The main drawback to solar photovoltaic energy is the large cost of raw materials. Even when using cost-reduction strategies like NREL’s room temperature, room pressure bath, to reduce reflectivity and provide more chambers for the photons to “work” in, costs still remain high.
Add production costs to material costs, with solar cell manufacturing plants costing upward of $1 million, and thin-film twice as expensive, and you have a threshold beyond which solar energy can’t seem to find its way, at least in terms of today’s consumer, who faces the dual challenges of inflation (in food, fuel and clothing costs) and recession in terms of the dollar’s purchasing value.
Researchers at Winston-Salem, North Carolina-based Wake Forest University have developed a new solar technology which could double the energy production of flat solar cells at a fraction of the cost, because the material required to make them is nearly as ubiquitous as dust.

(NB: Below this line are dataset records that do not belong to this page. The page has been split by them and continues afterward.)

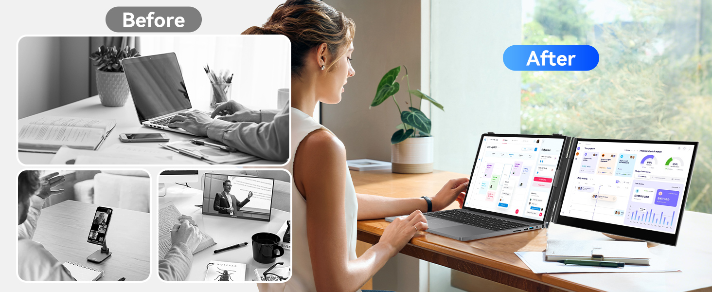 Transforma tu forma de trabajar con el extensor de pantalla para notebook Blackview SCM8. Diseñado para profesionales que necesitan un espacio de trabajo dual en cualquier lugar, este monitor portátil define la verdadera movilidad. A diferencia de otras pantallas pesadas, este modelo integra todo lo necesario para la oficina móvil sin sumar peso extra a tu mochila.
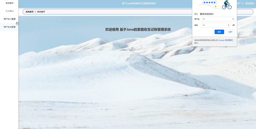 用户进入系统可以对系统首页,个人中心,用户收入管理,用户支出管理等功能进行操作。用户主页面如图5-14所示:
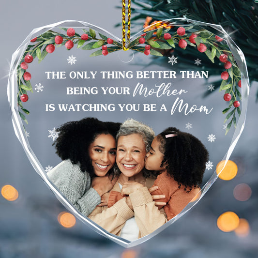 Watching You Be A Mom - Personalized Heart Shaped Glass Ornament FCHGOLEHA2842L

This material is plastic, according to Director of Nanotechnology and Molecular Materials Center David Carroll, Ph.D., and its use – as organic or flexible plastic solar cells (fiber-based solar cells) – can make a huge difference both in terms of solar efficiency and cost. Currently, the university holds a European patent; a U.S. patent is pending.
The technology, which involves millions of microscopic plastic fibers, called “nanofilaments”, is based on the same function as the veins in tree leaves that allow for greater photosynthesis. The technique, called biomimicry, allows solar panels to be made that are flexible yet durable, and conformable enough to be wrapped or shaped around structures, or even spray-painted onto surfaces.
Each plastic solar cell consists of a straw-shaped optical inner core made with glass, poly(methyl methacrylate; PMMA, a shatterproof plastic), or perfluorocyclobutane (PFCB, an ether polymer coating); surrounded by a layer of ITO:PEDOT (indium, tin oxide on top of a polymer mix of two ionomers); followed by a light-absorbing layer, with an external reflector/contact made of lithium fluoride and aluminum. Some proprietary components are also included.
The plastic solar cell technology will be licensed to solar startup FiberCell Inc., located in the Piedmont Triad Research corridor near Winston-Salem, Greensboro and High Point. FiberCell, which is still in development at the commercial level, will eventually leverage its partnerships in the thin-film and coatings industries to bring the product to market, potentially revolutionizing the BIPV (building integrated photovoltaics) field.
Because the cells can collect sunlight at many angles, and thus across the entire spectrum of light, the efficiency is greater. This efficiency is further enhanced by the ability of the light “straws” to capture photons, which bounce back and forth like the balls in a pinball machine, up and down the length of the cells, until most of their energy is dissipated.